The material parameter \(\bf \zeta\) specifies the way that the interface width \(\delta\) has been defined, Assuming that the interface region ranges from \(\bf \zeta\) to \(1-\bf \zeta\).

Syntax

The basic input syntax here is:

**energy <ENERGY> \(~\,\) *phase1 \(~\,~\,\) c1 <COEFFICIENT> \(~\,~\,\) b1 <COEFFICIENT> \(~\,~\,\) k1 <COEFFICIENT> \(~\,~\,\) D1 <COEFFICIENT> \(~\,\) *phase2 \(~\,~\,\) c2 <COEFFICIENT> \(~\,~\,\) b2 <COEFFICIENT> \(~\,~\,\) k2 <COEFFICIENT> \(~\,~\,\) D2 <COEFFICIENT> \(~\,\) *interface \(~\,~\,\) energy <COEFFICIENT> \(~\,~\,\) thickness <COEFFICIENT> \(~\,~\,\) zeta <COEFFICIENT> \(~\,~\,\) ENER <COEFFICIENT>

*interface

specify the material parameters related to the phase field interface, which are the interfacial energy \(\sigma\), the interfacial thickness \(\delta\) and \(\bf \zeta\)

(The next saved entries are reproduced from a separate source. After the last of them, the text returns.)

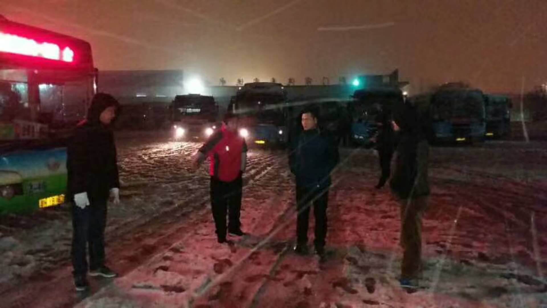 1月3日下午,荊門(mén)迎來(lái)了新年里第一場(chǎng)大雪,荊門(mén)氣象已經(jīng)發(fā)布暴雪警報(bào),收到暴雪警報(bào)后,荊門(mén)市公共交通集團(tuán)有限公司立即成立了150人的暴雪應(yīng)急隊(duì),早早準(zhǔn)備了防凍防滑物資:鹽2噸,防滑鏈400余條,鐵鍬60把,救援車(chē)10臺(tái);公司領(lǐng)導(dǎo)全部到一線(xiàn)坐鎮(zhèn)指揮,管理人員向近千名駕駛員傳授了雨雪天安全駕駛知識(shí);晚十點(diǎn),巡查人員開(kāi)始查看危險(xiǎn)路段結(jié)冰情況,確定凌晨裝防滑鏈和撒鹽人員;凌晨4點(diǎn)應(yīng)急人員和駕駛員全部到位,按探路組、裝防滑鏈組、撒鹽組、監(jiān)管組分工負(fù)責(zé),并對(duì)出車(chē)駕駛員逐車(chē)逐人安全叮囑!以求能確保所有車(chē)輛都能一路平安!
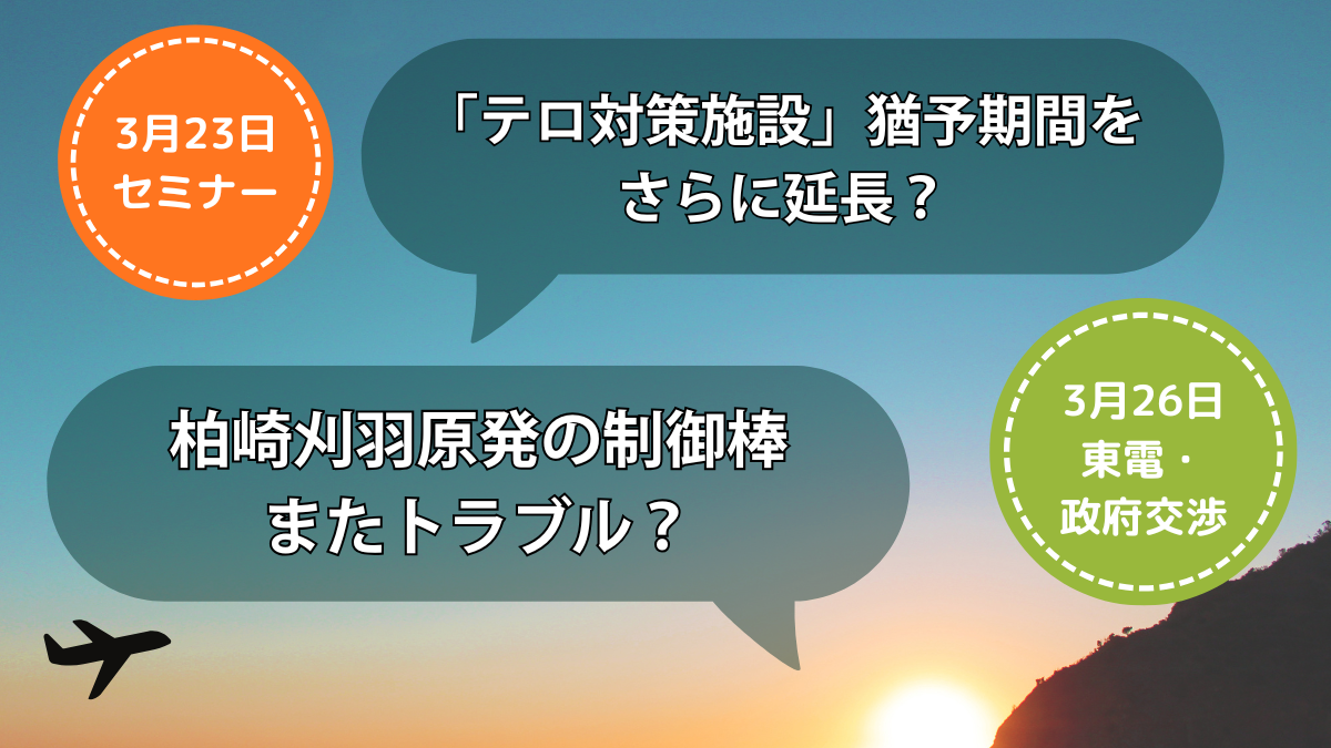 「テロ対策施設」猶予期間のさらなる延長、相次ぐ柏崎刈羽原発の制御棒トラブルについて、セミナー(3/23)と東電・政府交渉(3/26)開催
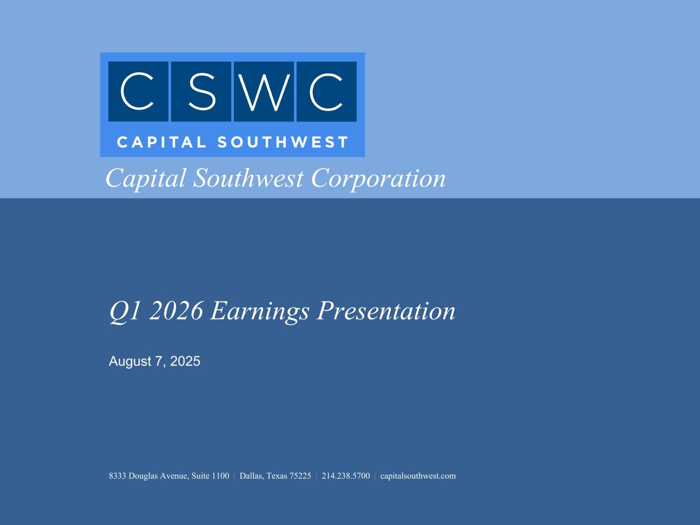 Q1 2026 Earnings Presentation 8333 Douglas Avenue, Suite 1100 | Dallas, Texas 75225 | 214.238.5700 | capitalsouthwest.com August 7, 2025 Capital Southwest Corporation
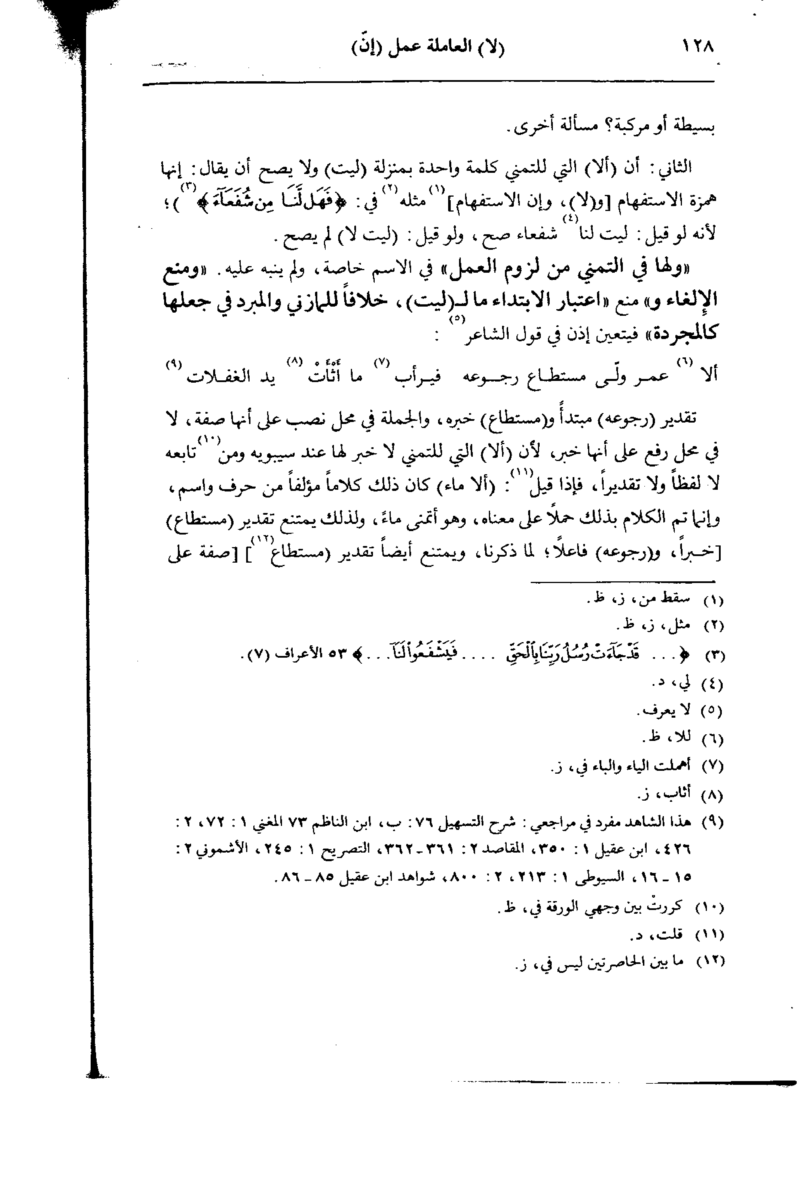 «ولها في التمني من لزوم العمل» في الاسم خاصة، ولم ينبه عليه. «ومنع الإلغاء و» منع «اعتبار الابتداء ما لـ (ليت)، خلافًا للمازني والمبرد في جعلها كالمجردة» فيتعين إذن في قول الشاعر:

The following coefficients are available:

k1, k2

are respectively the curvatures of the local free energies \(f_1\) and \(f_2\) with respect to concentration.

b1, b2

are the heights of the free energies \(f_1\) and \(f_2\).

c1, c2

are the coherent equilibrium concentrations.

D1, D2

are the chemical diffusivities in both phases \(1\) and \(2\).

CODE	DESCRIPTION
kim	Polynomial formulation of homogeneous free energy
afa	Interpolating free energy densities

kim

The chemical free energy density is a quadratic function of the concentration, where the chemical free energies of the two phases are interpolated for intermediate values of \(\phi\) with a polynomial \(h(\phi)\) varying in a monotonic way between both phases:

(621)\[f_0(\phi,c)=h(\phi)f_1(c) + [1-h(\phi)] f_2(c)\]

where \(f_1\) and \(f_2\) are the chemical free energy densities of both phases, which have been described by simple quadratic functions of the concentration \(c\):

(622)\[f_i(c) = \frac{1}{2} k_i (c-a_i)^2 + b_i\]

where \(i = \{1,2\}\) denotes phase \(1\) or \(2\).

afa

This energy is obtained by a linear interpolation of the free energy parameters \(a(\phi), b(\phi)\) and \(k(\phi)\). It is summarised as:

(623)\[f_0(\phi,c) = \frac{1}{2} k(\phi)(c -a(\phi))^2 + b(\phi)\]

where

(624)\[a(\phi) = a_2 + \Delta a h(\phi),\quad k(\phi) = \frac{k_1 k_2}{k_1 + h(\phi)\Delta k} \quad {\rm and}\quad b(\phi) = b_2 + \mu_{\rm{eq}} \left(\Delta a + \frac{(\mu_{\rm{eq}})^2 \Delta k}{2\bar{k}} \right) h(\phi)\]